Daniel Scherer1, David Hassel, Ramona Bloehs, Edgar Zitron, Katharina von Löwenstern, Claudia Seyler, Dierk Thomas, Franziska Konrad, Heiner F Bürgers, Gunnar Seemann, Wolfgang Rottbauer, Hugo A Katus, Christoph A Karle, Eberhard P Scholz.   

Abstract

BACKGROUND AND
PURPOSE: Atomoxetine is a selective noradrenaline reuptake inhibitor, recently approved for the treatment of attention-deficit/hyperactivity disorder. So far, atomoxetine has been shown to be well tolerated, and cardiovascular effects were found to be negligible. However, two independent cases of QT interval prolongation, associated with atomoxetine overdose, have been reported recently. We therefore analysed acute and subacute effects of atomoxetine on cloned human Ether-à-Go-Go-Related Gene (hERG) channels. EXPERIMENTAL APPROACH: hERG channels were heterologously expressed in Xenopus oocytes and in a human embryonic kidney cell line and hERG currents were measured using voltage clamp and patch clamp techniques. Action potential recordings were made in isolated guinea-pig cardiomyocytes. Gene expression and channel surface expression were analysed using quantitative reverse transcriptase polymerase chain reaction, Western blot and the patch clamp techniques. KEY
RESULTS: In human embryonic kidney cells, atomoxetine inhibited hERG current with an IC(50) of 6.3 micromol.L(-1). Development of block and washout were fast. Channel activation and inactivation were not affected.
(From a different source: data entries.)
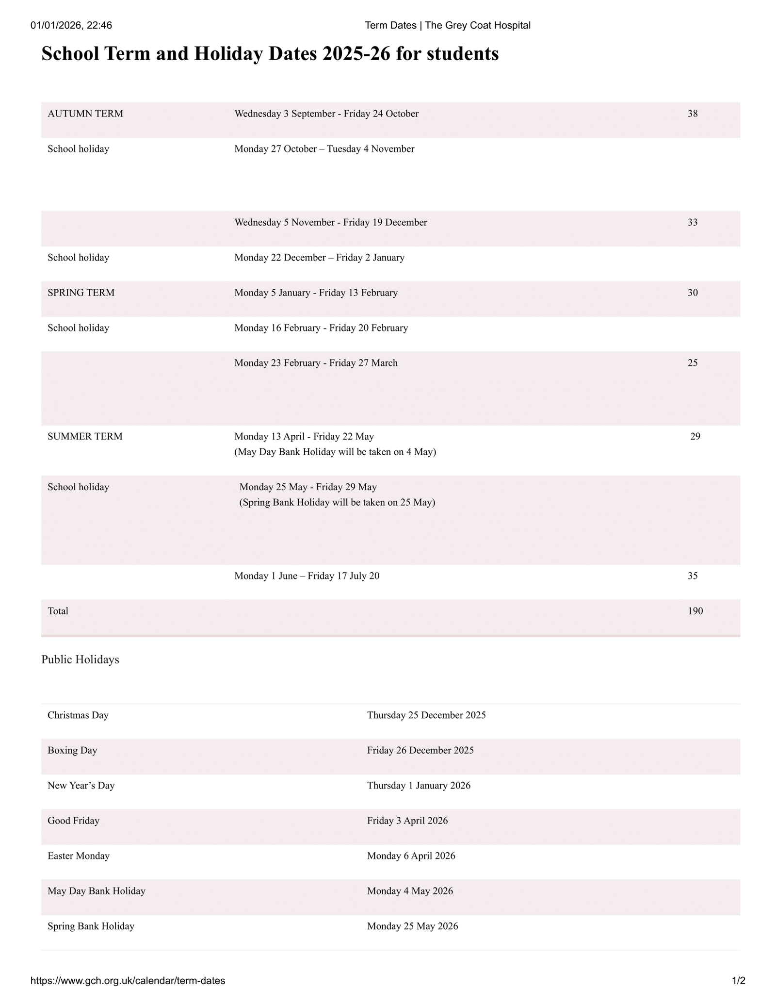 Public and bank holidays during the 2025–2026 school year include Christmas Day (25 December 2025), Boxing Day (26 December 2025), New Year’s Day (1 January 2026), Good Friday (3 April 2026), Easter Monday (6 April 2026), Early May Bank Holiday (4 May 2026), Spring Bank Holiday (25 May 2026), and Summer Bank Holiday (31 August 2026).
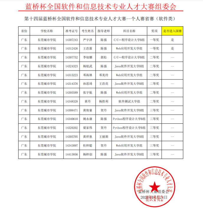 近日,传来喜讯,在第十四届“蓝桥杯”全国软件和信息技术专业人才大赛(广东省赛)上,beat365学子共获一等奖2项、二等奖8项、三等奖10项。其中,严宇泽同学获得C/C++程序设计大学B组省赛区一等奖,王浩霖同学获得Web应用开发大学组省赛区一等奖,这2位同学将代表beat365,参加6月10日举行的全国总决赛。
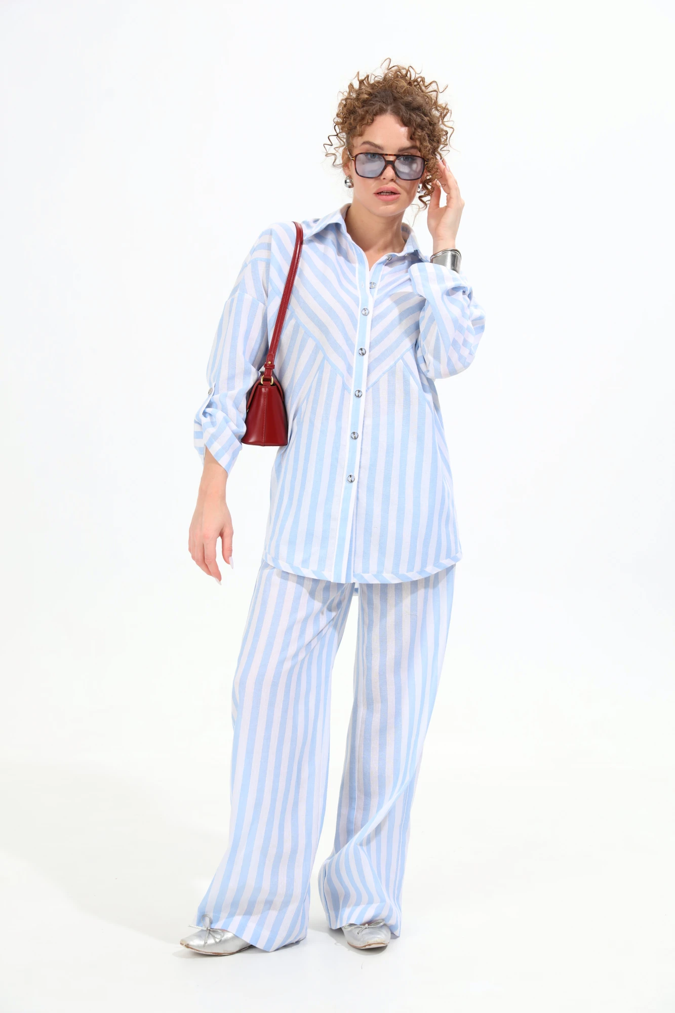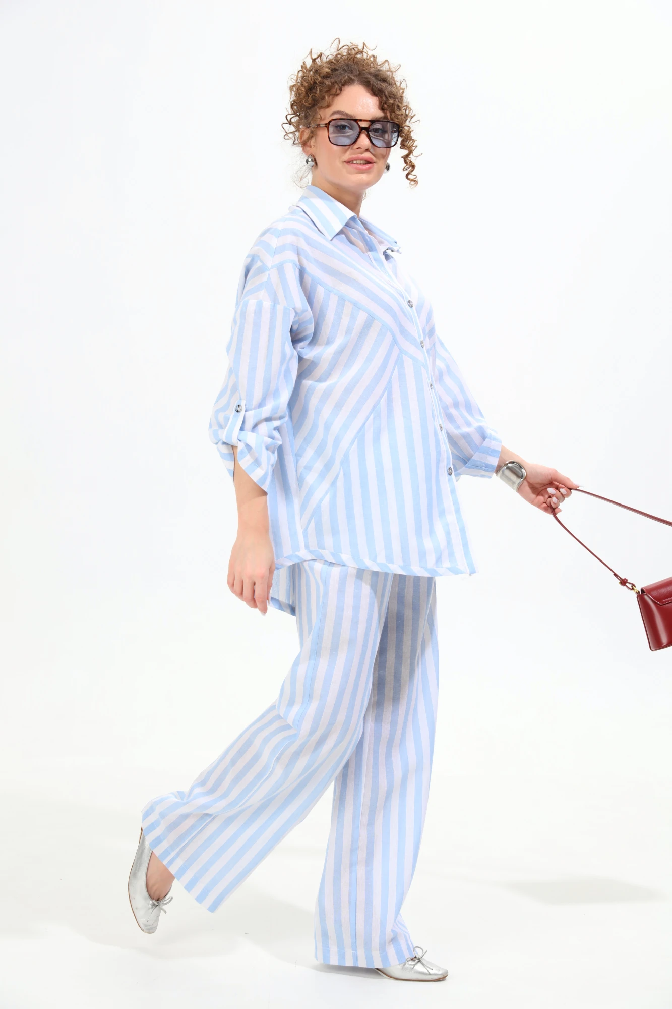Брючный костюм NikVa 961-2 бело-голубые полосы двойка
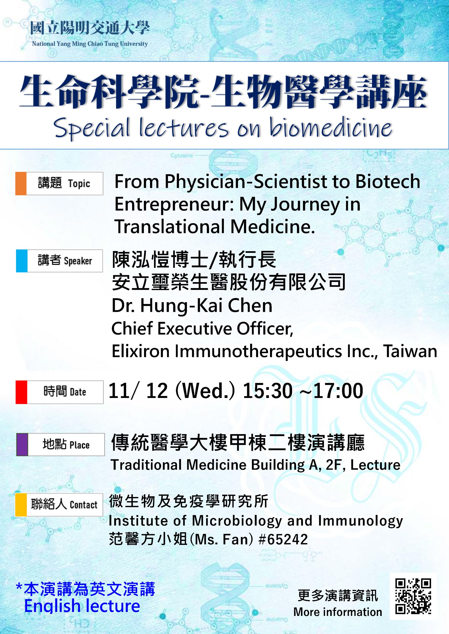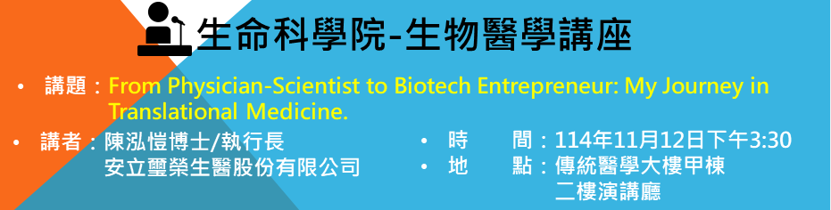 11月12日生物醫學講座將邀請安立璽榮生醫股份有限公司陳泓愷博士/執行長蒞臨分享🗣,演講資訊如下,歡迎各位老師和同學前來聆聽!
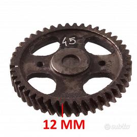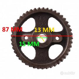 (R.18130) Vendo ingranaggio motore usato da 45 denti probabilmente per moto Gilera vintage marchiato 4/0 1A con diametro interno cono da 15 a 13 mm e diametro esterno di 87 mm con spessore modulo 12 mm , per misure vedere foto

Inhibition was state-dependent, suggesting an open channel block. No use-dependence was observed. Inhibitory effects of atomoxetine were attenuated in the pore mutants Y652A and F656A. In guinea-pig cardiomyocytes, atomoxetine lengthened action potential duration without inducing action potential triangulation. Overnight incubation with high atomoxetine concentrations resulted in a decrease of channel surface expression. CONCLUSIONS AND IMPLICATIONS: Whereas subacute effects of atomoxetine seem negligible under therapeutically relevant concentrations, hERG channel block should be considered in cases of atomoxetine overdose and when administering atomoxetine to patients at increased risk for the development of acquired long-QT syndrome.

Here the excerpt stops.